Sadly, most Americans... most westerners... are spoiled and we do not even know it. We fuss over what we don't have but think we should possess. We make decisions that allow our own continued hoarding as we fear for the future while others go without today, while others die with nothing, without Jesus, and we could have chosen to give... to share...

We complain about budget deficits and political manuvering, seeking to protect our own interests and forget that what God defines as pure and undefiled religion has absolutely nothing to do with balanced budgets, secure stocks and a nice-sized nest egg for retirement someday.

And I am convinced... by God's grace, in His wisdom and with His discernment, the thankfulness I profess each Monday needs to be more fully, more accurately, more vibrantly, more sacrificially translated.

True thankfulness will forfeit earthly comfort and security for radical obedience, sacrificial caring that costs while carving our hearts into Christ-likeness...

this week's gratitude list:
(#'s 1431 - 1460)

breakfast with a talkative little girl

Target-type store come to Niamey

conviction of sin, forgiveness from God

prayers of forgiveness

nights of sleep without waking

watching my niece catch the ball with her uncle's glove... and he was the batter!

friends returning

a new computer battery

lesson planning

just enough food in the fridge to feed the family tomorrow

little boys who don't want to show their belly buttons

protection from several possible or near accidents while out and about

meeting new colleagues

washing dishes... with HOT WATER!!!

listening to my school newbies singing Frère Jacques... perfect in every way

seeing Tori standing there in her swimsuit, hot pink capris and red cowgirl boots... after spending the night with friends, two nights in a row

little girl heartfelt prayers

french fries for breakfast

teens sacrificially serving by thoroughly scrubbing floors, unasked and unprompted

looking forward to another literacy lesson

meeting (and trying) a new tailor - she's the wife of a local pastor, too

sharp nails to scratch itchy backs

hugging my teen

tall boys becoming tall men

opposing views, differing viewpoints, non-traditional-for-me points of view challenging me to consider hard issues from a biblical perspective, even if that stand feels uncomfortable

working refrigerator

paint on the walls, tiling to begin soon

looking forward to moving day

laughter during a softball game

learning about the ladybird spider, another one of God's amazing creations... and how some scientists have exercised godly stewardship of this fascinating creature. It was formerly known as Eresus niger (hence part of the reason I stumbled across it - though I have no idea why it was originally given that name)... now it's scientific name is: Eresus cinnaberinus.
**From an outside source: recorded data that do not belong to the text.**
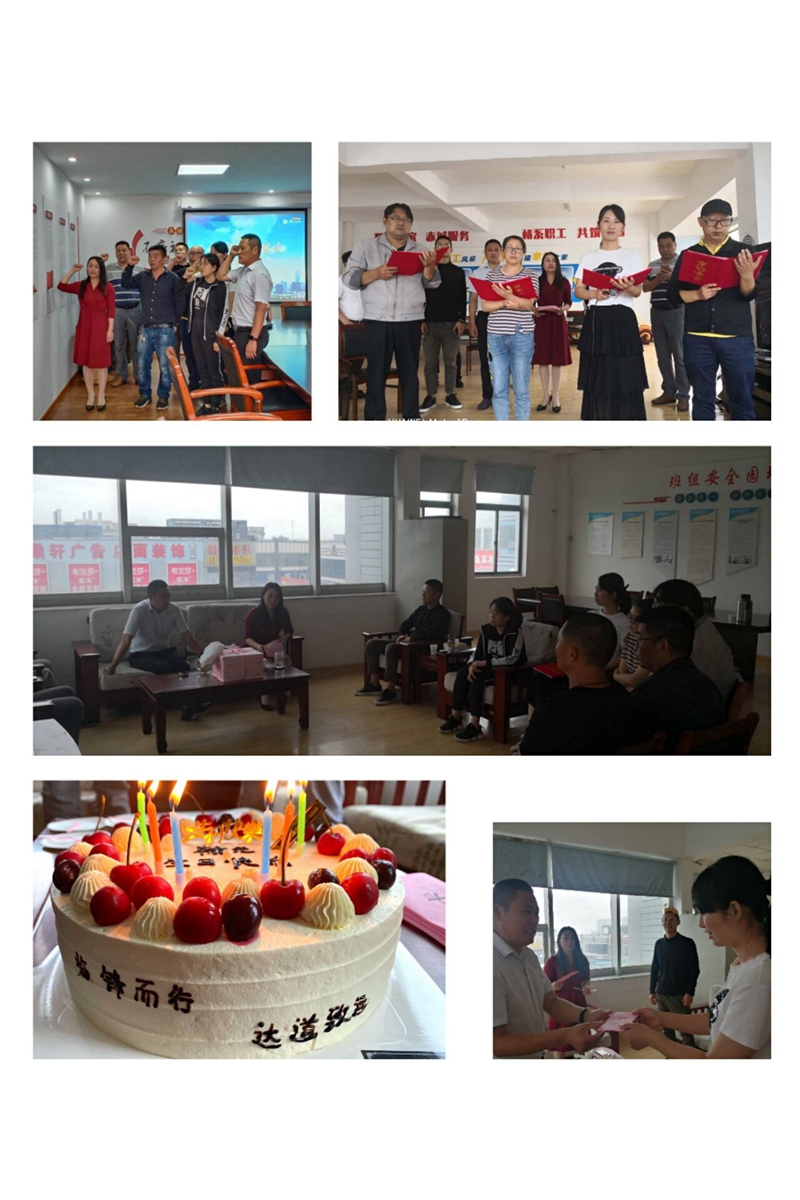 書記致辭。為黨員同志送上暖心祝福話語(yǔ),向職工群眾提出爭(zhēng)先奮進(jìn)希冀,替臨達(dá)公司樹立更進(jìn)一步目標(biāo)。重溫誓詞。進(jìn)一步增強(qiáng)黨性,牢記黨的宗旨,恪守黨的紀(jì)律,堅(jiān)定理想信念,充分發(fā)揮先鋒模范作用。贈(zèng)送賀卡。書記親手為黨員同志們制作賀卡、寫下寄語(yǔ),送到黨員同志們的手中。集體誦讀。全體職工高聲朗誦了詩(shī)詞《我的祖國(guó)》,激發(fā)愛國(guó)熱情,陶冶愛國(guó)情操。活動(dòng)最后,公司工會(huì)為職工精心準(zhǔn)備了豐盛的生日餐,讓職工深深體會(huì)到來自“娘家人”的溫暖。
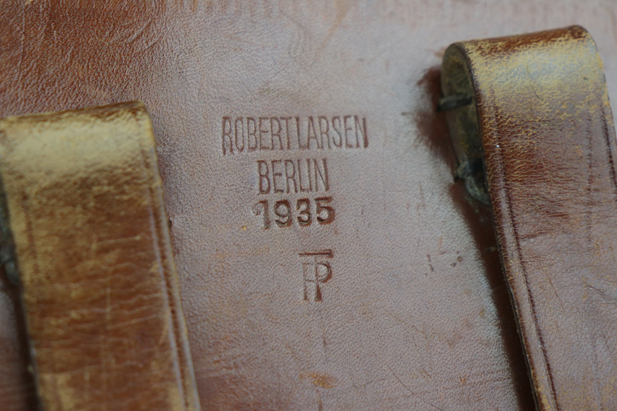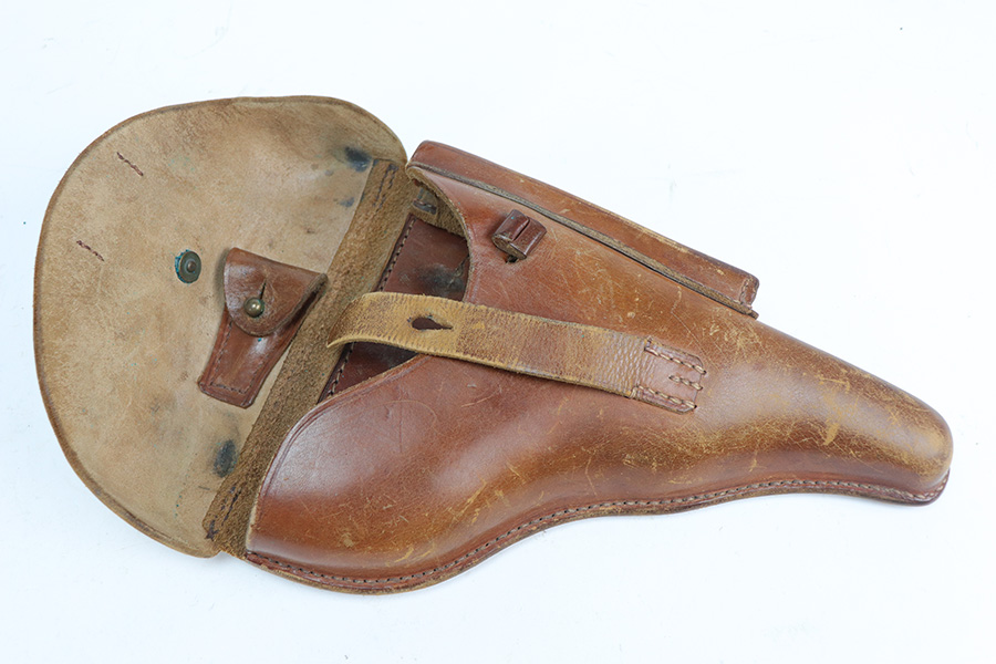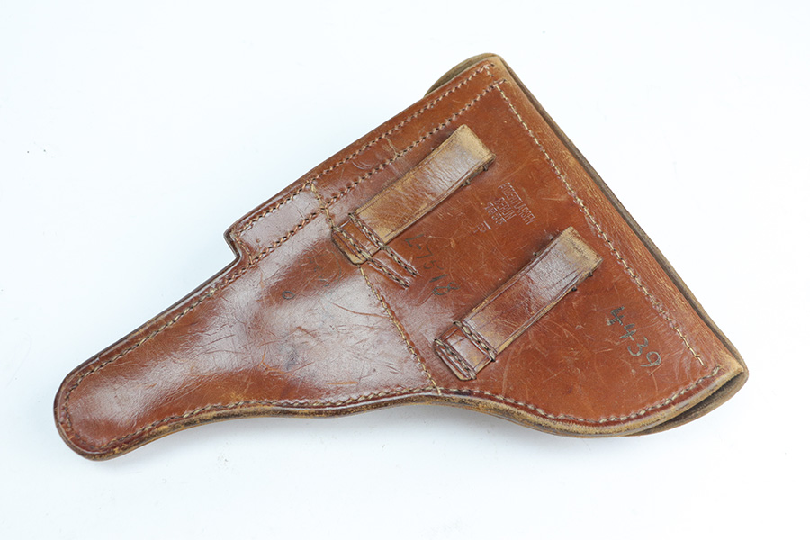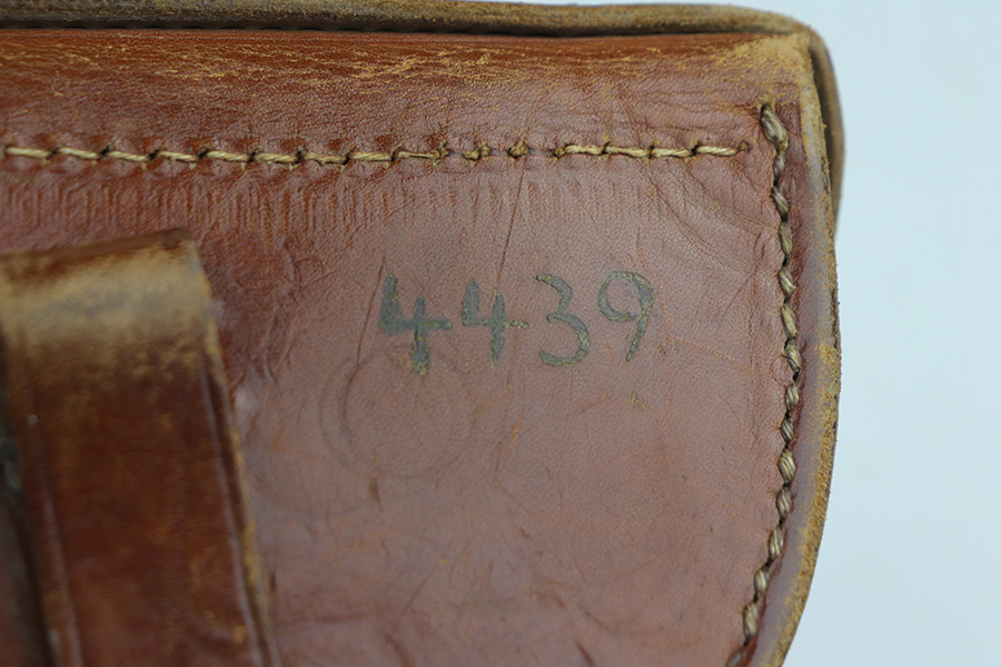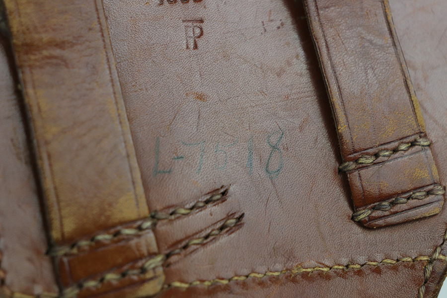 11/9/21 – This is an original, early WW2 production Police luger holster. Considered a “G Date” police holster, this holster is dated 1935 and maker stamped on the back leather. A previous owner wrote a few serial numbers on the back leather as shown. The light brown leather is in great overall condition with some mild surface wear but very clean interior leather. Normal pliability. Would clean up nicely if so desired. Excellent stitching throughout.
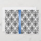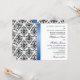 © 2013 Socialite Designs. Our black and white damask wedding invitation has a faux royal blue satin ribbon. All design elements and text are customizable. If you require additional matching wedding products such as save-the-date or thank you photo cards, please do not hesitate to contact Socialite Designs. PLEASE NOTE THAT THE RIBBON IMAGE IS PRINTED ONTO THE INVITATION.
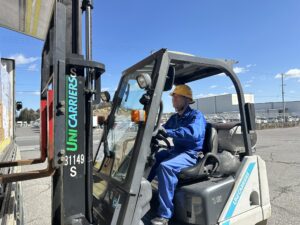 10トントラックでの配送。取引先様にある荷物を集荷してきたら、物流センターでおろします。

(Photos shared by recent short-term missos, Ben and Lindsey Britton. Thanks, guys!)

1 comment:

  1. Dear Richelle,

    I came here from Ann's. Ah, Niger, how beautiful! Your words this particular day were so strong and so true. I am sorry the news from our homeland is given with an ungrateful, egotistical and arrogant attitude, and we do continually hoard.

    May God have mercy on those who don't know any better and even more mercy on those of us who do, but do not change our ways.